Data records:
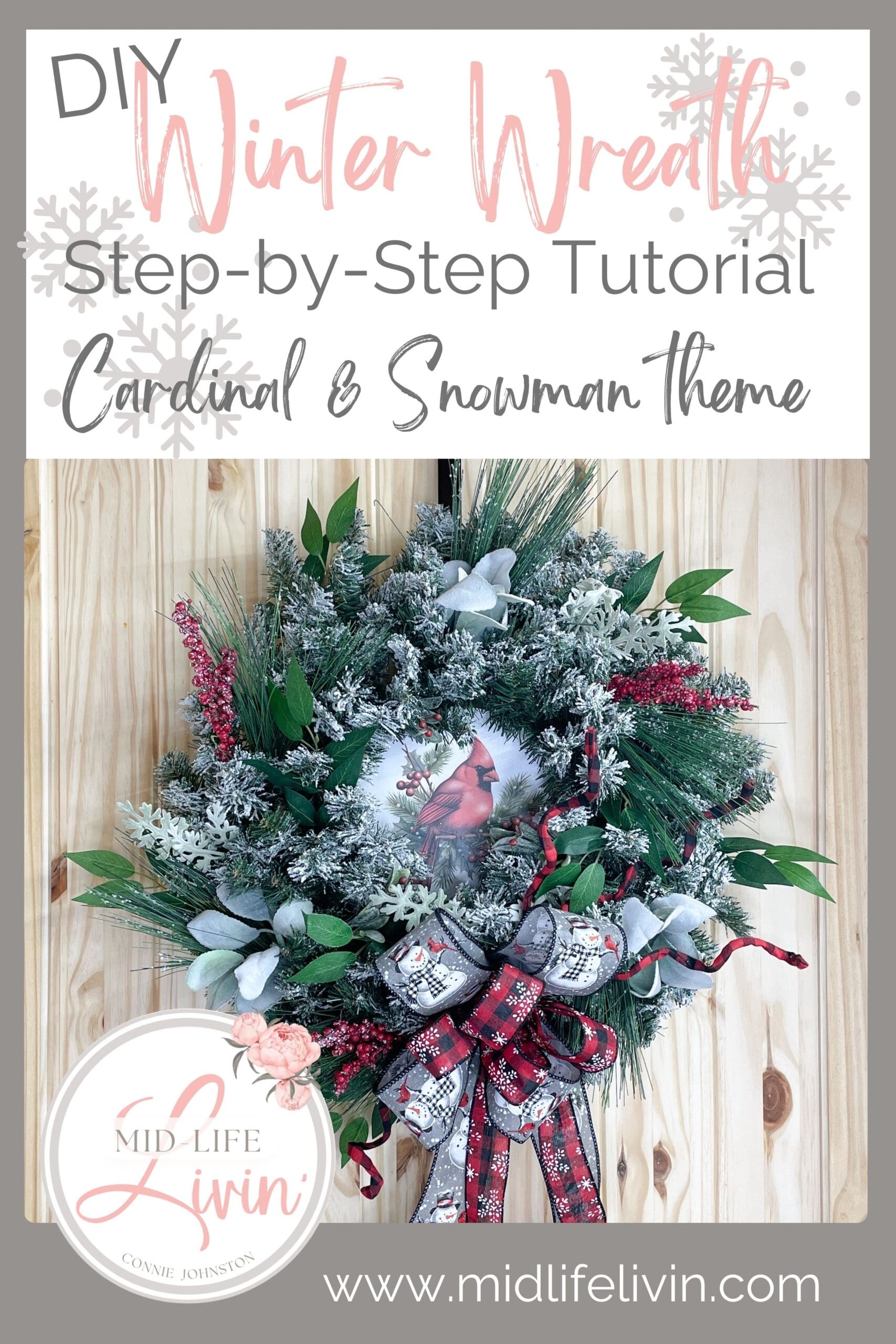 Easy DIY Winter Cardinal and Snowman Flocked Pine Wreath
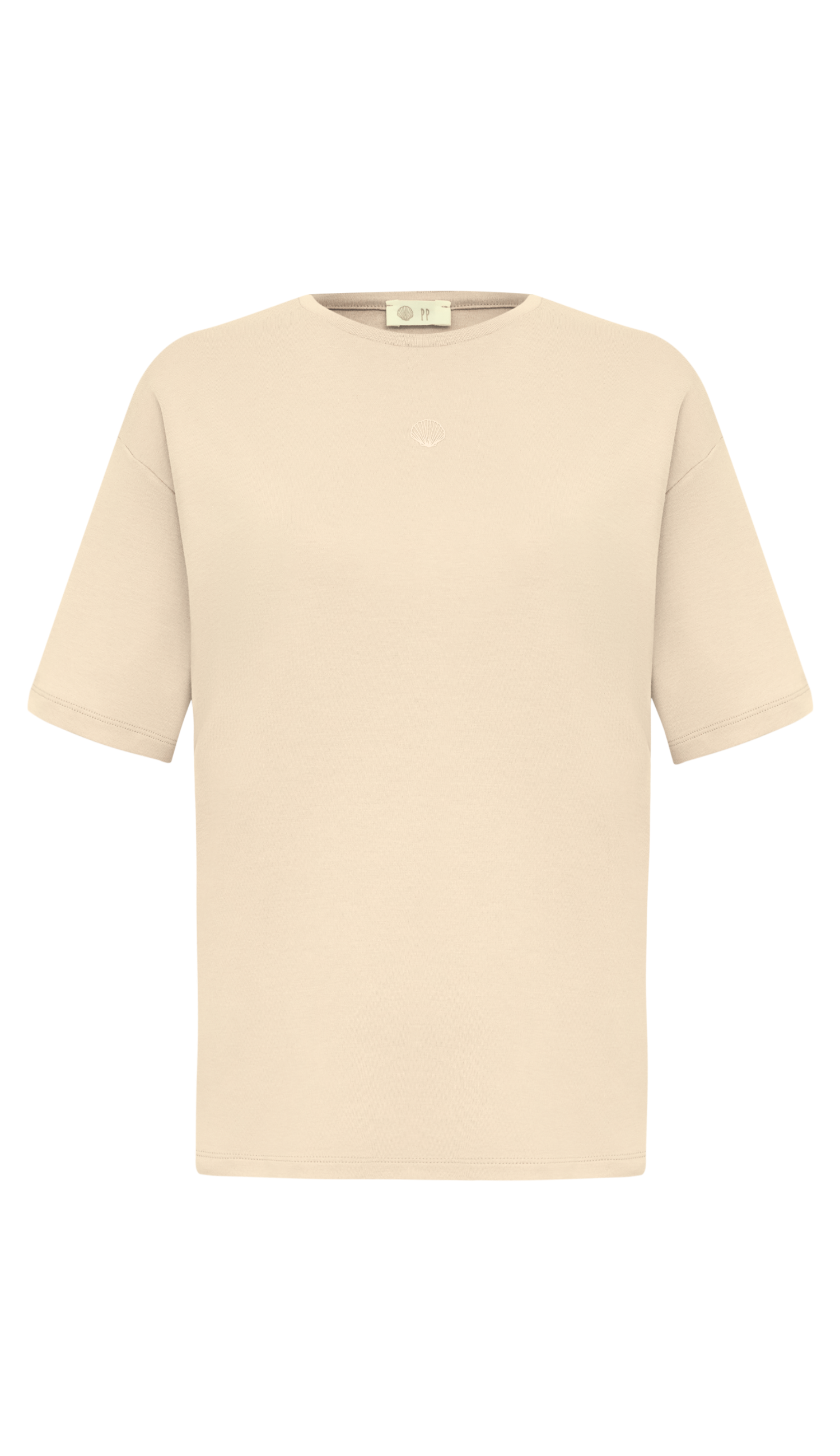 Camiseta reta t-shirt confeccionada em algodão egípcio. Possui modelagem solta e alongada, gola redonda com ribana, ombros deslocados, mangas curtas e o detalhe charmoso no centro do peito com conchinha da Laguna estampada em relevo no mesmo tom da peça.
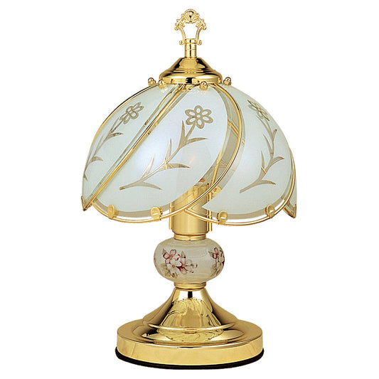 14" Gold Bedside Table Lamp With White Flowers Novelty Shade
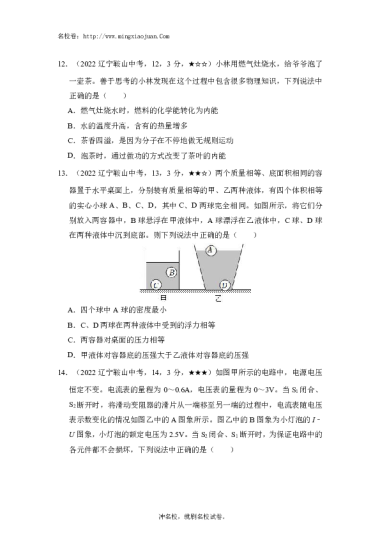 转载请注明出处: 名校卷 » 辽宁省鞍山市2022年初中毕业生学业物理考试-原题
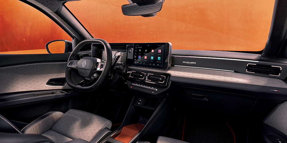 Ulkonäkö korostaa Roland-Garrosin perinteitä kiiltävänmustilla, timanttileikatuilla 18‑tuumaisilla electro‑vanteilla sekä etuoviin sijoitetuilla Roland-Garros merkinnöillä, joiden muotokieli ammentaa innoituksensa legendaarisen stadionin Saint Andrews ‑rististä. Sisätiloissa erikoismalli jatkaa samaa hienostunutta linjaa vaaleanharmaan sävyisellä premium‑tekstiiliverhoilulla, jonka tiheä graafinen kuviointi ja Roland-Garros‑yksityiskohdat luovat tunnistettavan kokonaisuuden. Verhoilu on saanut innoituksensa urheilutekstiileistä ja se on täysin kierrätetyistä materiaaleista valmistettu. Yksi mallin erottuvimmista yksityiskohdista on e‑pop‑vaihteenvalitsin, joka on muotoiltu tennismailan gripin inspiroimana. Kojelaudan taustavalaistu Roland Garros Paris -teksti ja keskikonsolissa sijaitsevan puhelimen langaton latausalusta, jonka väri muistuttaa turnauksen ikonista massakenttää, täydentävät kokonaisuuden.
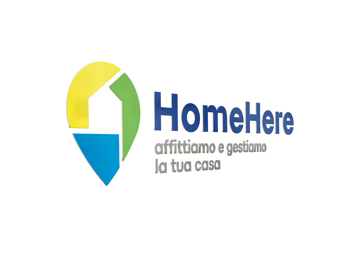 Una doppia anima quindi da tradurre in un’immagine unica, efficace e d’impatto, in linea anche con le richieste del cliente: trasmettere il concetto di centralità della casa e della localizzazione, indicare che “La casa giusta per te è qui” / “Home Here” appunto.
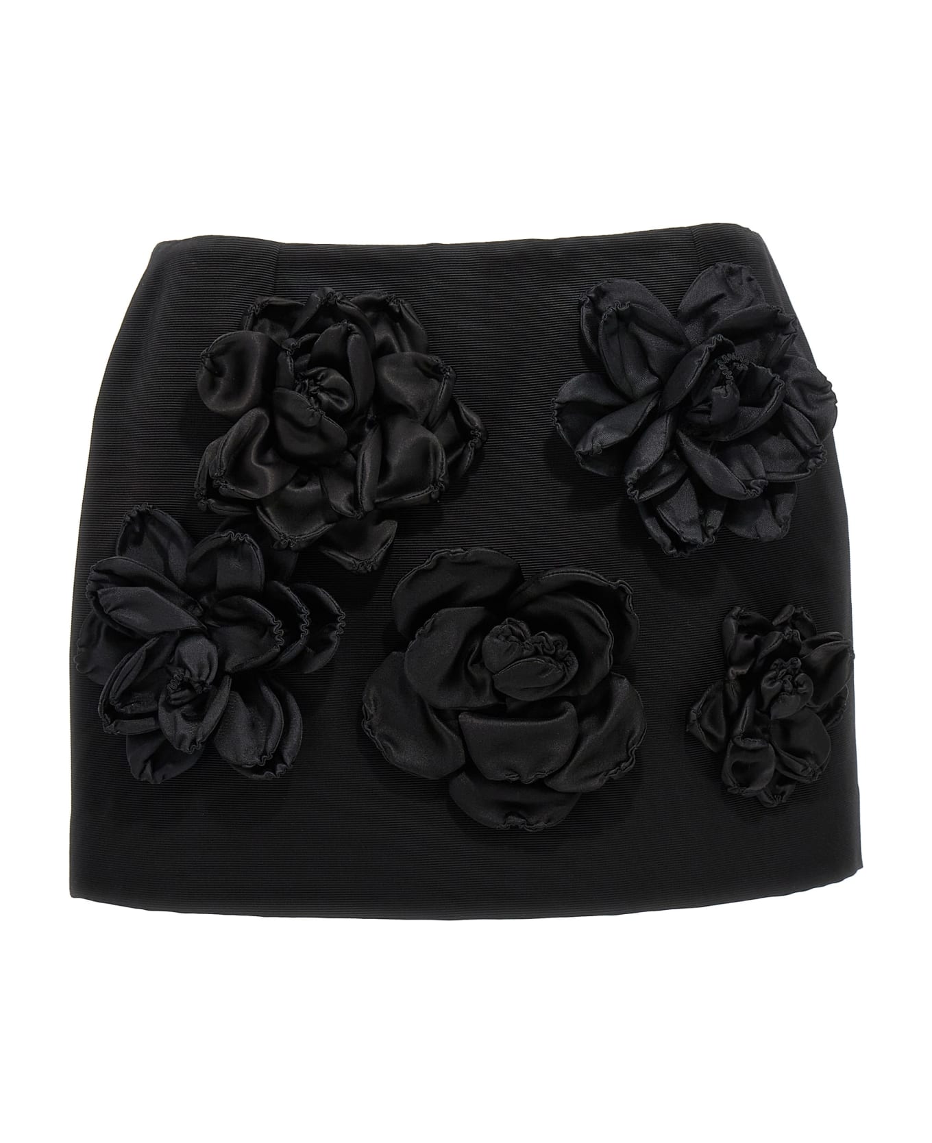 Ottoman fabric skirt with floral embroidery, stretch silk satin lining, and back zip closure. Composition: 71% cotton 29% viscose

What is required: Transcribe each line above verbatim, with the pictures left out.

Result for this task:
 Easy DIY Winter Cardinal and Snowman Flocked Pine Wreath
 Camiseta reta t-shirt confeccionada em algodão egípcio. Possui modelagem solta e alongada, gola redonda com ribana, ombros deslocados, mangas curtas e o detalhe charmoso no centro do peito com conchinha da Laguna estampada em relevo no mesmo tom da peça.
 14" Gold Bedside Table Lamp With White Flowers Novelty Shade
 转载请注明出处: 名校卷 » 辽宁省鞍山市2022年初中毕业生学业物理考试-原题
 Ulkonäkö korostaa Roland-Garrosin perinteitä kiiltävänmustilla, timanttileikatuilla 18‑tuumaisilla electro‑vanteilla sekä etuoviin sijoitetuilla Roland-Garros merkinnöillä, joiden muotokieli ammentaa innoituksensa legendaarisen stadionin Saint Andrews ‑rististä. Sisätiloissa erikoismalli jatkaa samaa hienostunutta linjaa vaaleanharmaan sävyisellä premium‑tekstiiliverhoilulla, jonka tiheä graafinen kuviointi ja Roland-Garros‑yksityiskohdat luovat tunnistettavan kokonaisuuden. Verhoilu on saanut innoituksensa urheilutekstiileistä ja se on täysin kierrätetyistä materiaaleista valmistettu. Yksi mallin erottuvimmista yksityiskohdista on e‑pop‑vaihteenvalitsin, joka on muotoiltu tennismailan gripin inspiroimana. Kojelaudan taustavalaistu Roland Garros Paris -teksti ja keskikonsolissa sijaitsevan puhelimen langaton latausalusta, jonka väri muistuttaa turnauksen ikonista massakenttää, täydentävät kokonaisuuden.
 Una doppia anima quindi da tradurre in un’immagine unica, efficace e d’impatto, in linea anche con le richieste del cliente: trasmettere il concetto di centralità della casa e della localizzazione, indicare che “La casa giusta per te è qui” / “Home Here” appunto.
 Ottoman fabric skirt with floral embroidery, stretch silk satin lining, and back zip closure. Composition: 71% cotton 29% viscose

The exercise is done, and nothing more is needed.